Unfortunately these structures are incomplete, primarily lacking some short loops or otherwise unresolved residues, or are non-identical to the sequence of the reference virus used in this study (EBV type 1). While a certain degree of variability will usually not lead to a substantially altered structure it is recommended to visually inspect where changes occur within a 3D context, and also to confirm via homology modeling if these changes might interfere with the structure. In the case of missing loops adding the sequences in structure modeling at least provides an idea which regions may be less accessible by antibodies, or which loops are structurally favorable to use as continuous B-cell epitopes.
Model templates applied for the EBV example made use of the PDB entries 3FVC and 2H6O for gp110 and gp350, respectively. While 2H6O directly served as template for monomeric gp350, gp110 presumably forms trimers [43, 45]. As multimerization of proteins massively alters accessibility of protein domains the likely quaternary structure was retrieved through the PQS interface of PDBe (also part of wwPDB) . Homology modeling was then based on this trimer.
Identification of antigenic determinants
Prediction of B-cell epitopes
We applied various methods for B-cell epitope prediction involving individual sequences or multiple sequence alignments.
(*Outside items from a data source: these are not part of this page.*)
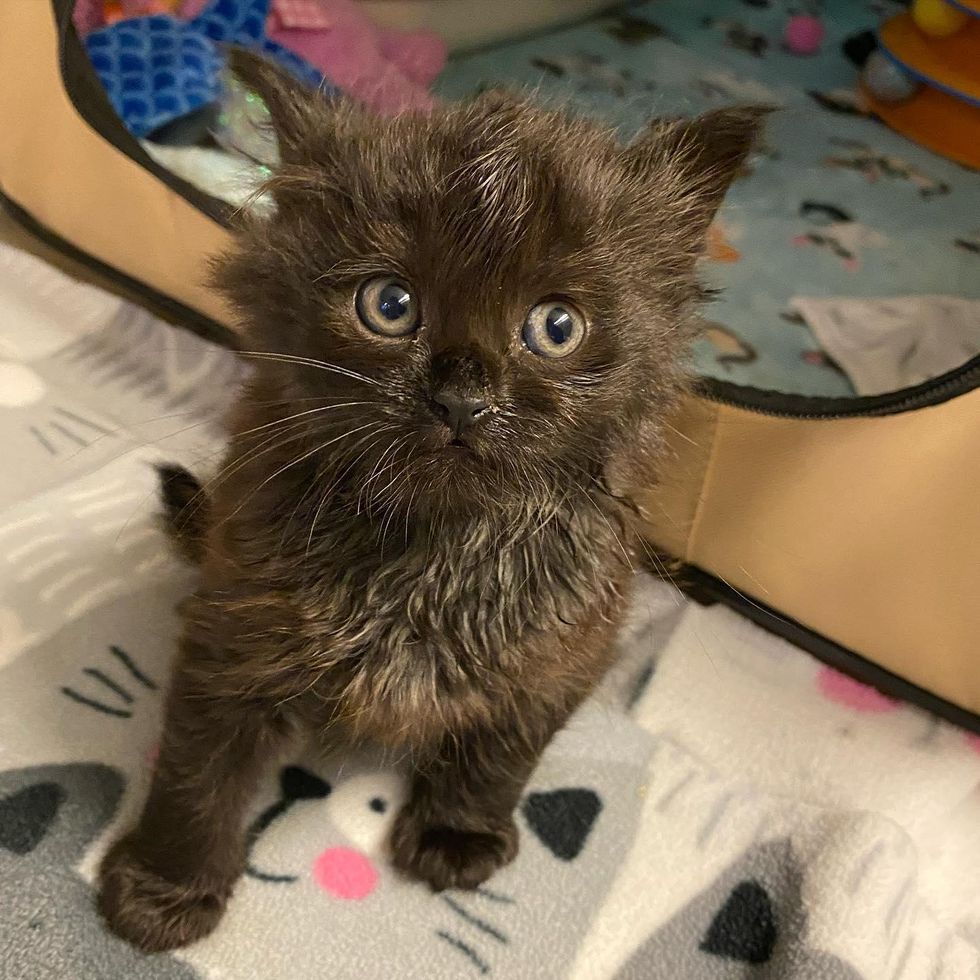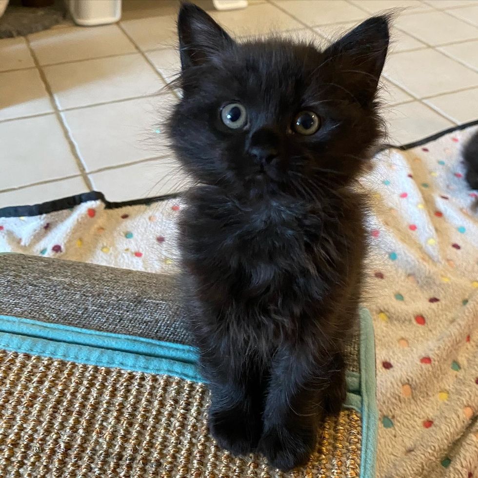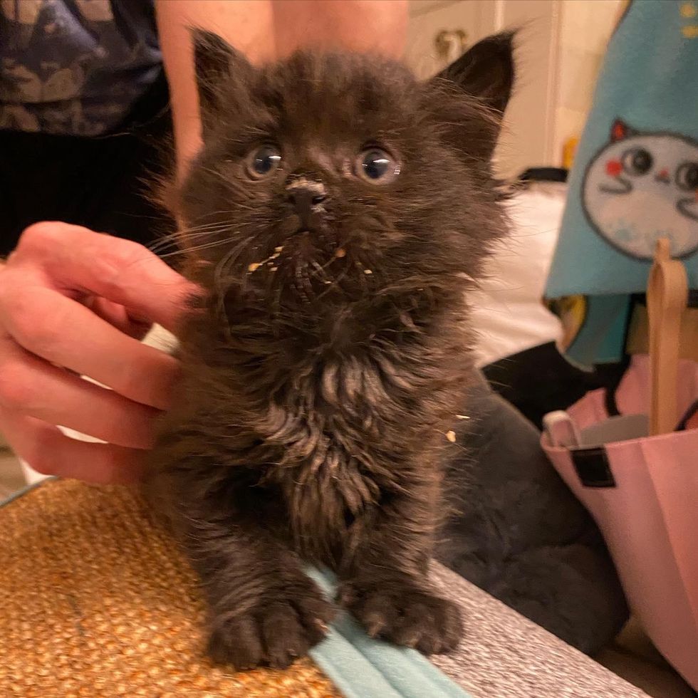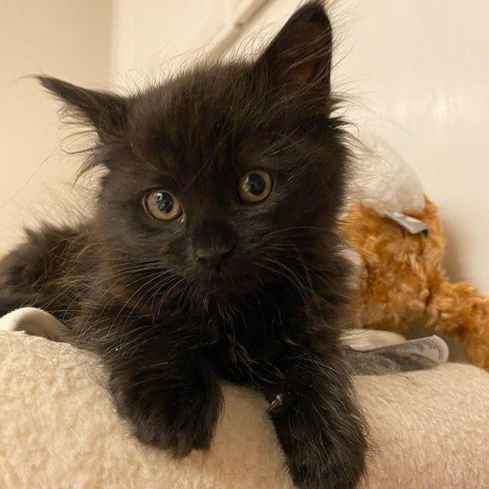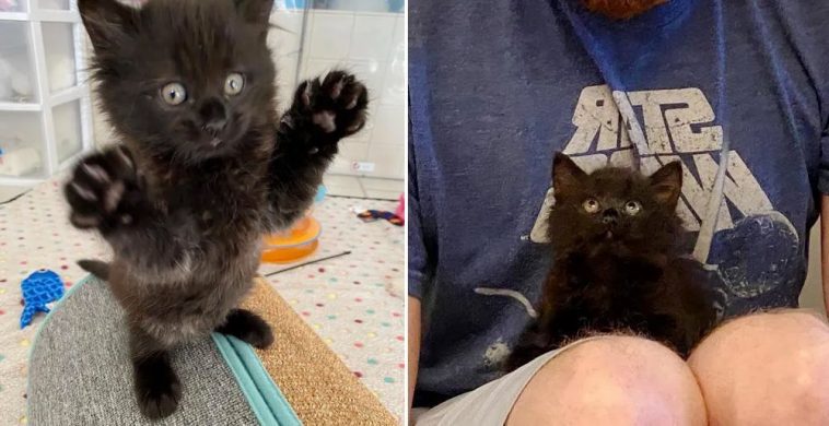 A few weeks ago, a little black kitten was brought into Mini Cat Town, a cat rescue in San Jose, California, after he was rescued as a singleton. The kitten with a pair of big doe eyes and bear mittens, was an instant love-bug.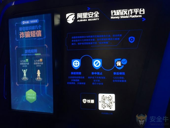 阿里安全与国务院联席办联合打造的“钱盾反诈平台”也在反诈之列。结合阿里安全突出的恶意号码识别能力、淘宝和支付宝自身风控体系对用户的刻画、与公安部刑侦局的警情数据的打通和与12321举报中心的合作,让钱盾有了更多方面数据支持和对诈骗行为更精准的判断。同时,和支付宝风控机制的联动,也让钱盾可以在资金链条上对诈骗行为实现更为及时阻断。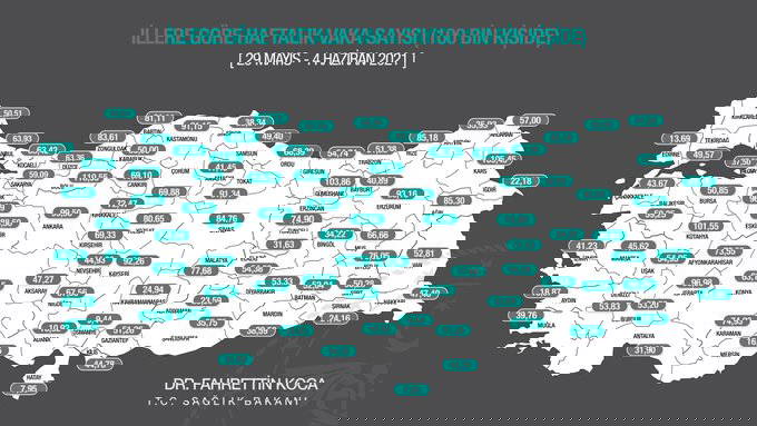 1 Haziran itibariyle 'kademeli normalleşme' takviminin ikinci etabının başlamasının ardından Sağlık Bakanı Fahrettin Koca, 29 Mayıs-4 Haziran arasında illere göre her 100 bin kişide görülen Covid-19 vaka sayılarını açıkladı.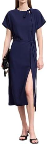 Women’s Office Ladies Chic O Neck Short Sleeve Belted Slit Drape A Line Dress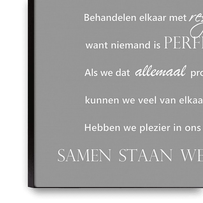 Colleagues. Together we start the day. The background colour is light grey, the letters are white. Text on canvas or other material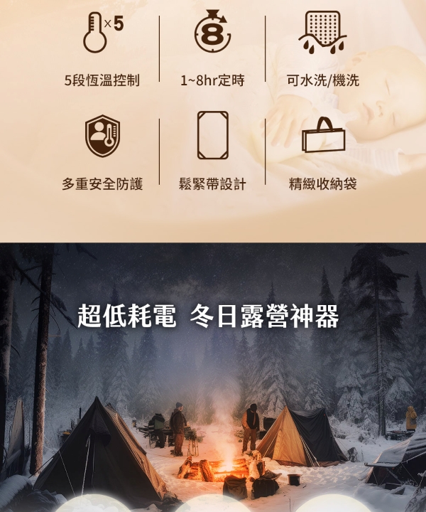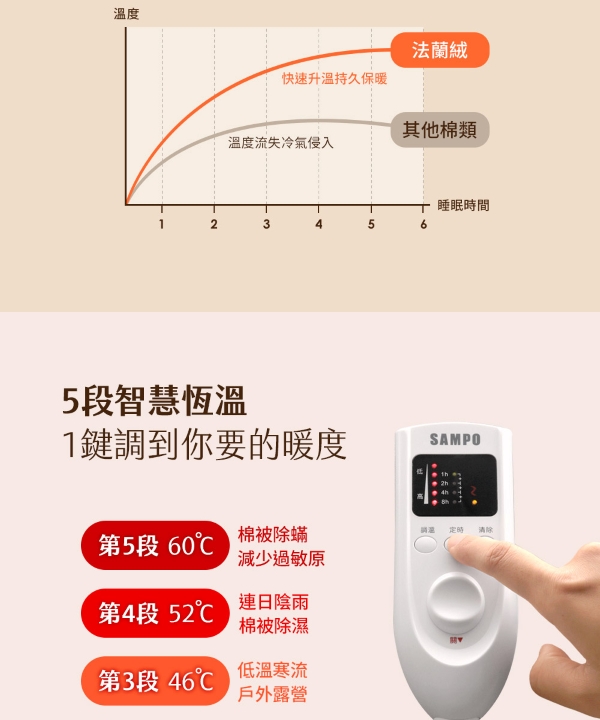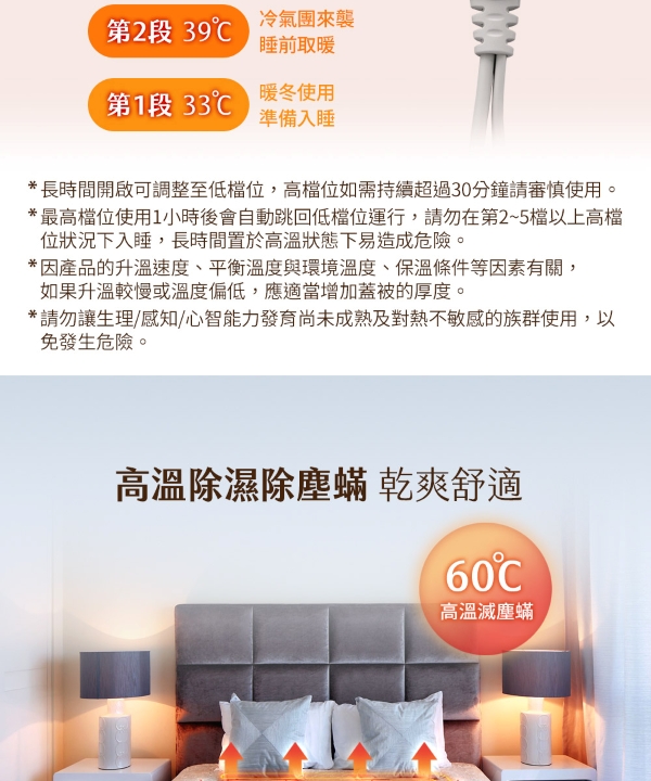5段恆溫設定  33° ~60°  適溫設定好入睡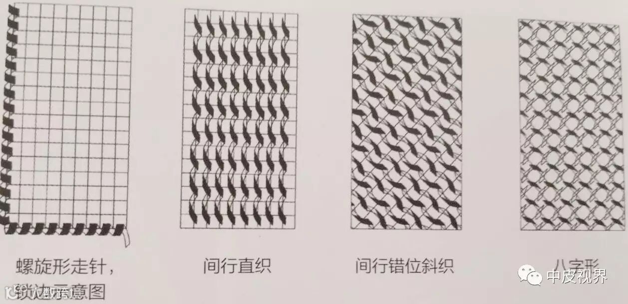 传统的间行直织、八字形、口字形、菱形、波浪形等编制方法在当代皮毛编织设计中始终扮演着重要的角色。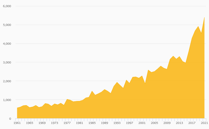 Spice Consumption (Total) rose 19.0% to 5,394 kt in India in 2021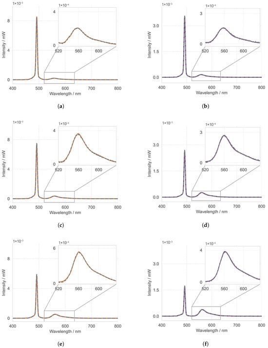 Figure 2 and Table 1 show the fitted spectra and quantum yields for the three Rhodamine 6G concentrations. The statistical uncertainty is derived from the square root of the diagonal elements of the covariance matrix obtained in the Levenberg–Marquardt optimization. The excitation peak, visible in both transmission and reflectance spectra in Figure 2, decreases with increasing dye concentration. This is attributed to stronger absorption of the excitation light and thus enhanced fluorescence emission. The spectral shape and position of this peak are determined by the optical properties of the sample. Additional contributing factors include the integrating sphere model and the calibrated source spectrum. Notably, these are independent of the fitted or the emission PDF. Therefore, deviations between the simulation and measurement in the relative heights of the excitation peaks can be indicative of errors in the optical properties: for instance, an overestimated scattering coefficient would decrease the transmission peak while increasing the reflectance signal. This effect is analogous to that of an incorrect sample thickness. According to the light propagation model [29], an error in the sample thickness translates roughly linearly into an error in the retrieved optical parameters (e.g., a 5% thickness error propagates almost linearly to ≈5% in and ). This, in turn, affects the predicted fluorescence and excitation characteristics. Hence, the excitation peak serves as an internal consistency check, unaffected by the outcome of the optimization. In contrast, the magnitude of the fluorescence signal is highly sensitive to the value of . An overestimated would lead to an excess emission in both transmission and reflectance spectra, while an underestimated to lack of emission. All values are reported with two decimal places.

Sequences for multiple alignments were manually selected based on homology. In general selection from multiple species (rather than multiple isolates) is possible but certainly carries substantial risks. Different viruses, in some cases even isolates of the same virus, can alter tissue tropism and may therefore show characteristic changes in their surface glycoproteins. Those changes may erroneously be interpreted as variability connected to low relevance. To alleviate this problem for our example scenario, isolate-specific EBV sequences and those of closely related viruses (Callitrichine herpesvirus 3 and Pongine herpesviruses 1-3) were aligned to gp110. In the case of gp350 sequences from Cercopithicine herpesvirus 15 and Macacine herpesvirus 4 were added. All four mentioned non-EBV viruses belong to the genus Lymphocryptovirus and can therefore be considered as close relatives of EBV.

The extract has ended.